§ Work request
The entries below contain pictures, which are to be left out; write out exactly, and only, the lines from the line with "Custom fitted silicone" up to and including the line with "Curtiss J.N. 4-D".

§ Given entries
—————
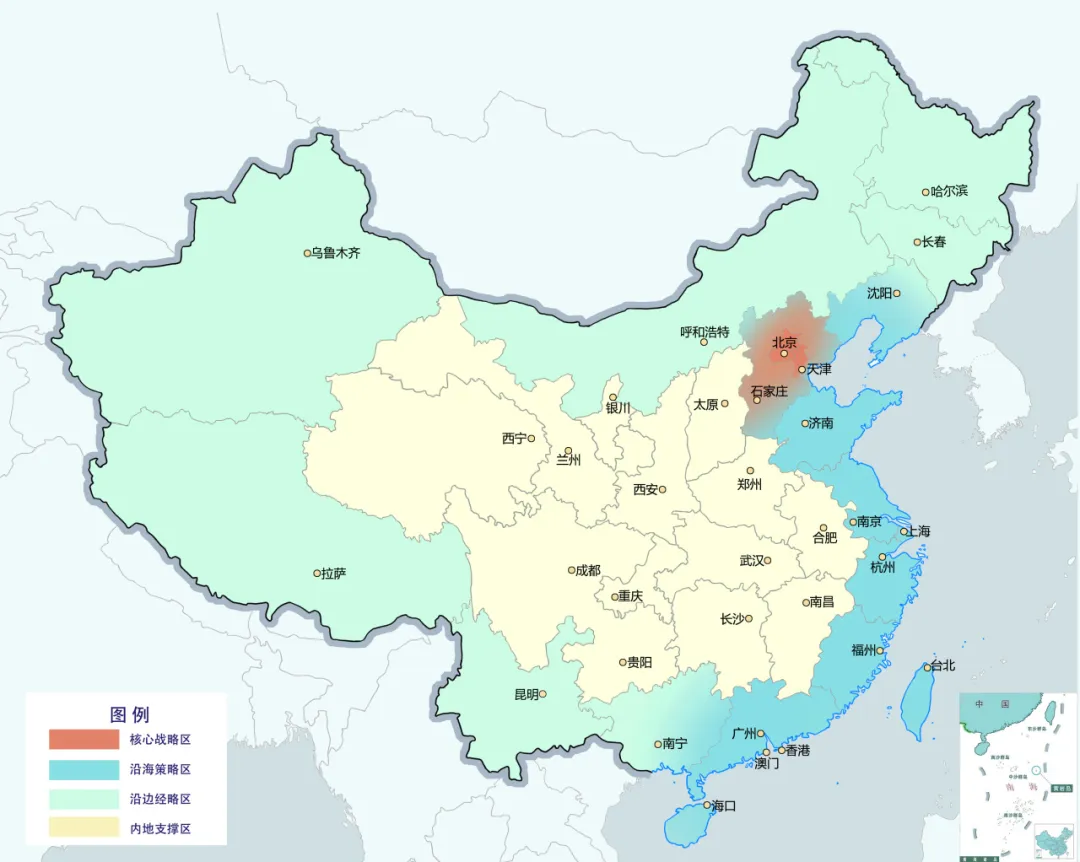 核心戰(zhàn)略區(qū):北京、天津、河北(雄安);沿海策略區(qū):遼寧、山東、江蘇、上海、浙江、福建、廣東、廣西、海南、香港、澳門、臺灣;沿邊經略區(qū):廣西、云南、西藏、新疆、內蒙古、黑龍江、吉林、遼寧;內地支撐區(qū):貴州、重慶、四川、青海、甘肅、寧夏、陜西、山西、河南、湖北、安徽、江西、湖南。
—————
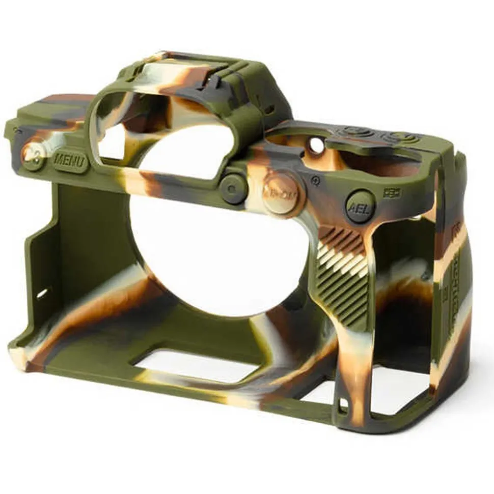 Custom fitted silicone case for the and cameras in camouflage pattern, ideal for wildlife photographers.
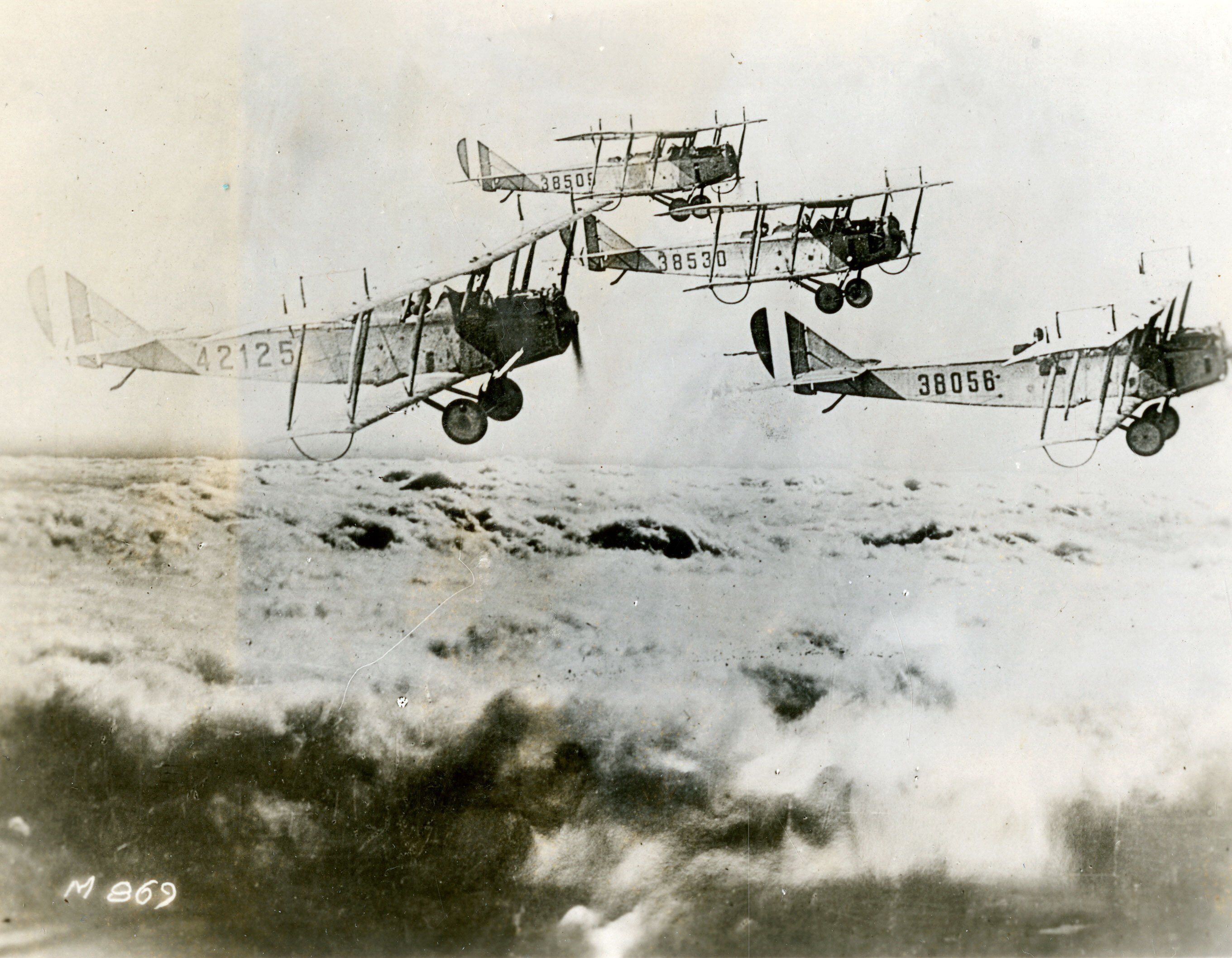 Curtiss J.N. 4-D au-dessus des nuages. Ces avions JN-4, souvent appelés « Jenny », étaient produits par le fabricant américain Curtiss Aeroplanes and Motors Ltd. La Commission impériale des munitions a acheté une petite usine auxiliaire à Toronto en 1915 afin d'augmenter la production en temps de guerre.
—————
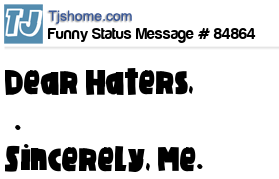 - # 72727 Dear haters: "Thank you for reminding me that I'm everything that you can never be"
—————
§ Solution for this exercise
 Custom fitted silicone case for the and cameras in camouflage pattern, ideal for wildlife photographers.
 Curtiss J.N. 4-D au-dessus des nuages. Ces avions JN-4, souvent appelés « Jenny », étaient produits par le fabricant américain Curtiss Aeroplanes and Motors Ltd. La Commission impériale des munitions a acheté une petite usine auxiliaire à Toronto en 1915 afin d'augmenter la production en temps de guerre.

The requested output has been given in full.